Power Dynamics and Organizational Futures



 

Organizations of all types must be persistently resilient, creative and innovative as they face pitiless turbulence and rapidly accelerating change in their environments.  However, the power dynamics in organizational life frequently thwart their ability to act and react with sufficient agility. 

Every organization and every social system has a power structure.  Some individuals and teams are more influential than others.  Some use their power in ways that make them more rigid, and others use it in ways that make their organizations more nimble. Some organizations incline toward a command and control power structure while others foster distributed leadership.  Too much hierarchy and power politics can result in organizational paralysis.  By using power to build partnership and organizational learning, the prospect of success in today’s hyper-complex environment is vastly increased. 

Michael just completed his 25th year as a coach, anthropologist and trainer for the internationally recognized Power Lab.   Through this work, he is continually studying the use of power and organizational dynamics.  He applies his learning and insights to Art of the Future’s consulting, speaking, training and writing practices.  Michael’s view of the Power Lab has been included in two recent, comprehensive publications by Jossey-Bass, Organization Development and Business Leadership.  A pre-publication draft of one of these articles, “The Power of Position,” can be found on Art of the Future’s website.


More on the Power Lab….

The Power Lab is a richly textured simulation that is the primary research setting for Barry Oshry, one of Organization Behavior’s most creative and influential thinkers. It is hard to boil this elegant and elaborate work down to a single sentence, but here’s one attempt:  Systems make people and people make systems.  Systems can liberate people’s greatness—collectively and individually—or they can become drudgery.  People can lead systems and make them noble, or cement them in pettiness.  The power of people and their systems are integrally intertwined.

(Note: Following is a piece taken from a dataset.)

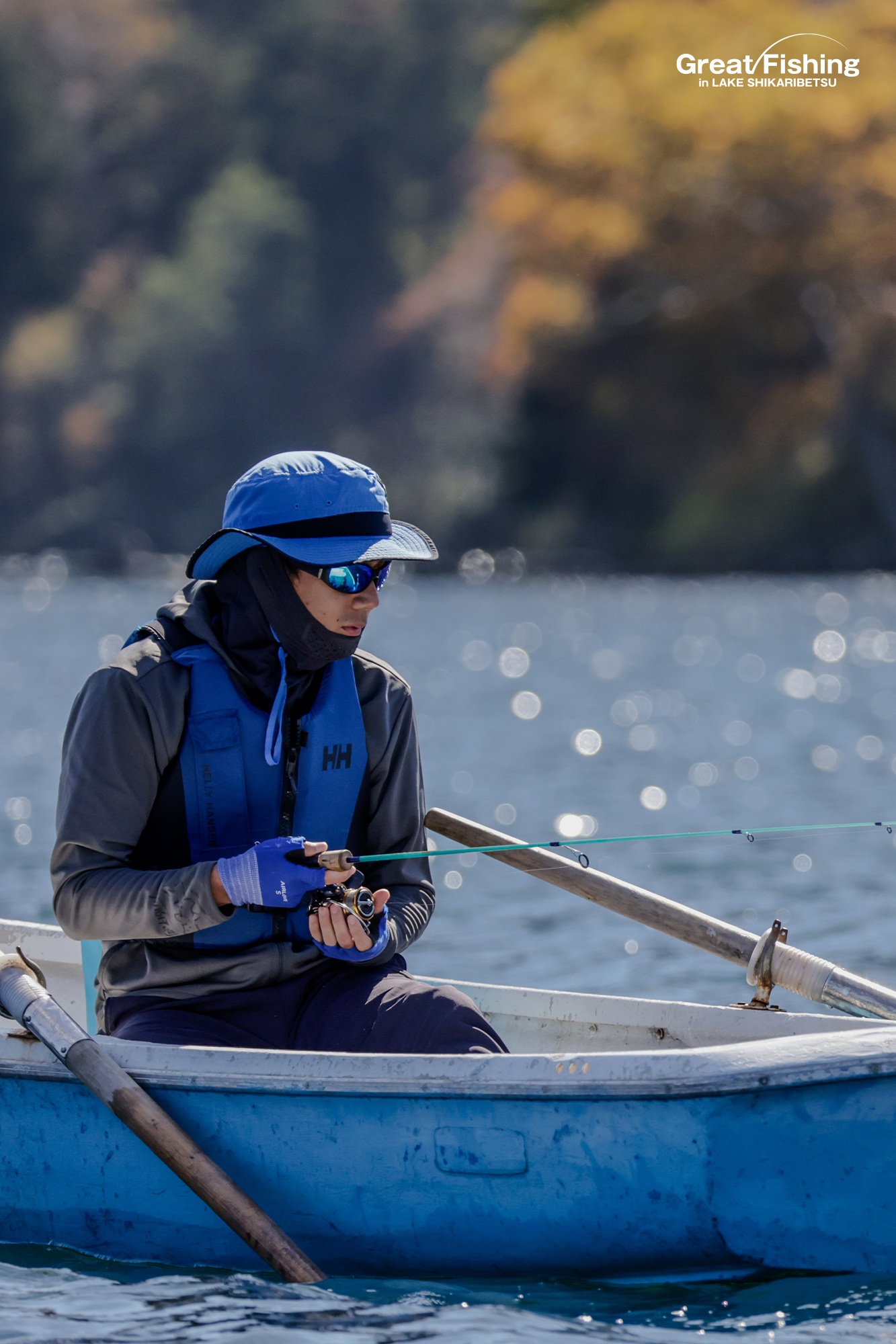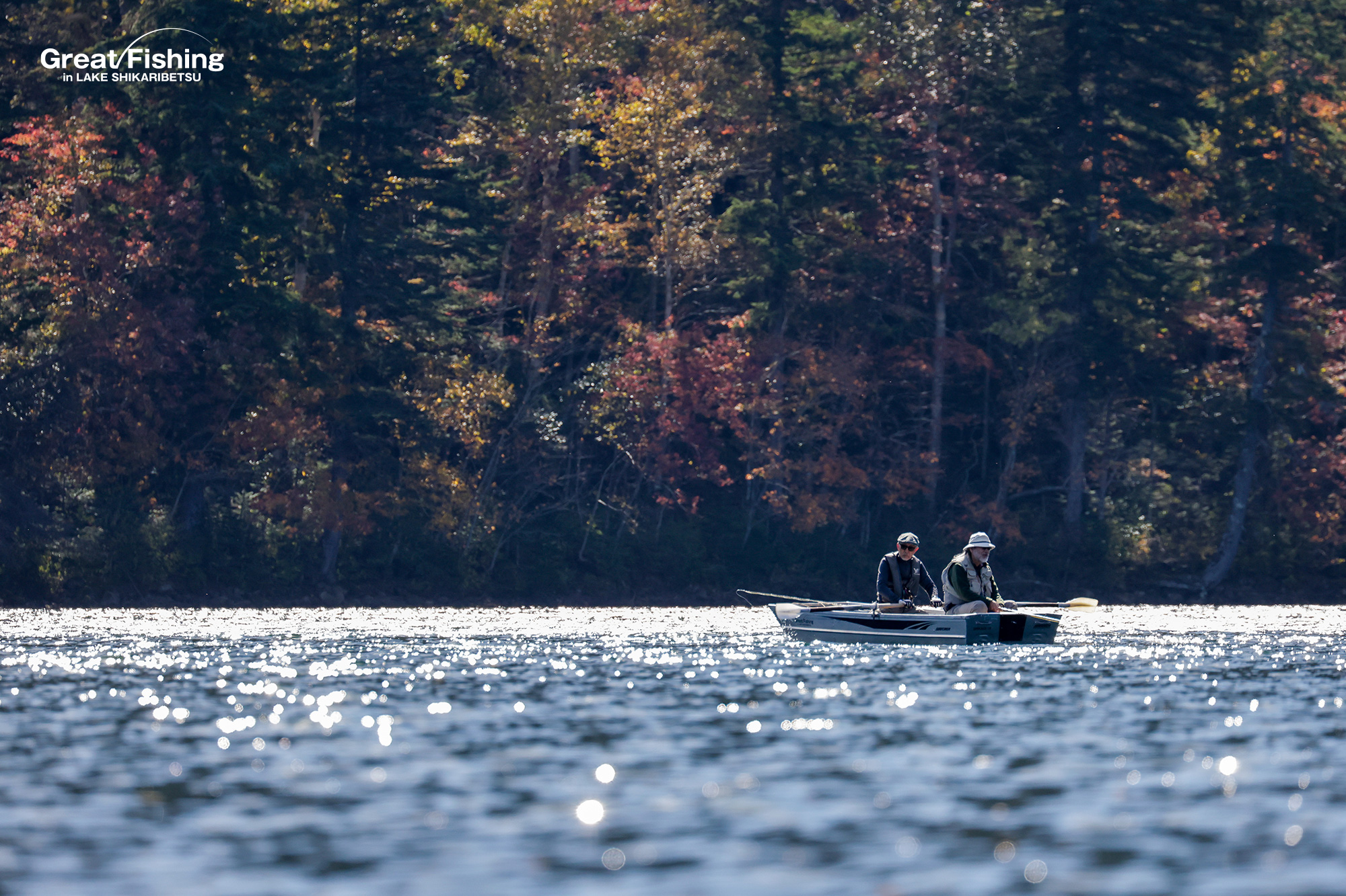 湖中央周辺㉓、境界線中央周辺㉕で(シンキングラインタイプⅦ+ストリーマー(赤/黒))をハーリングしてミヤベイワナ(25~40㎝)4匹、ニジマス(38~45㎝)4匹ヒット(香川さん/芽室町)。

At the Power Lab, people are “birthed” into simulated positions which are designed to focus attention on power dynamics; how power is used and how it might be used.

  • The Societal Experience has been the subject of numerous books and articles.  Here participants act as

o       Elites, who own all of the society’s material resources,

o       Immigrants, who have to make their way through the sale of their labor, and

o       Managers, who run the institutions owned and controlled by the Elites. 

This is 24/7 simulation whose duration is like life:  indeterminate but finite: it will end, but you don’t know when!  Most participants learn lessons about themselves in social systems and about power dynamics they never forget.

  • The Organization Workshop, as described in detail in this link, place people in positions that reflect the existence of an organization within a turbulent environment, as either a “Top” with overall strategic responsibility, a “Bottom” who does specific work to produce the organization’s goods and services, as a “Middle” who lives at the interface between Tops and Bottoms, or as a “Customer” who needs and uses the organization’s products.  The Organization Workshop can be conducted with as few as twelve and as many as 150 participants.  This workshop can run anywhere between four hours and two days.  This is one of Art of the Future’s workshop offerings.
  • Merging Cultures is a simulation that focuses on the social distinctiveness of human systems.  Any group of people that is historically unique because of race, creed, geography, etc. will display the distinguishing characteristics of its culture and/or subculture.  This is certainly true of organizations, and that is one of the reason that so many mergers and acquisitions fail!  Merging Cultures unfolds a fascinating educational experience by using a simple physical distinction—height—to create different cultures. 

Turning people loose within the context of the micro-world created by simulation and punctuating their learning experience with various conceptual inputs is a common ingredient of all of the components of the Power Lab.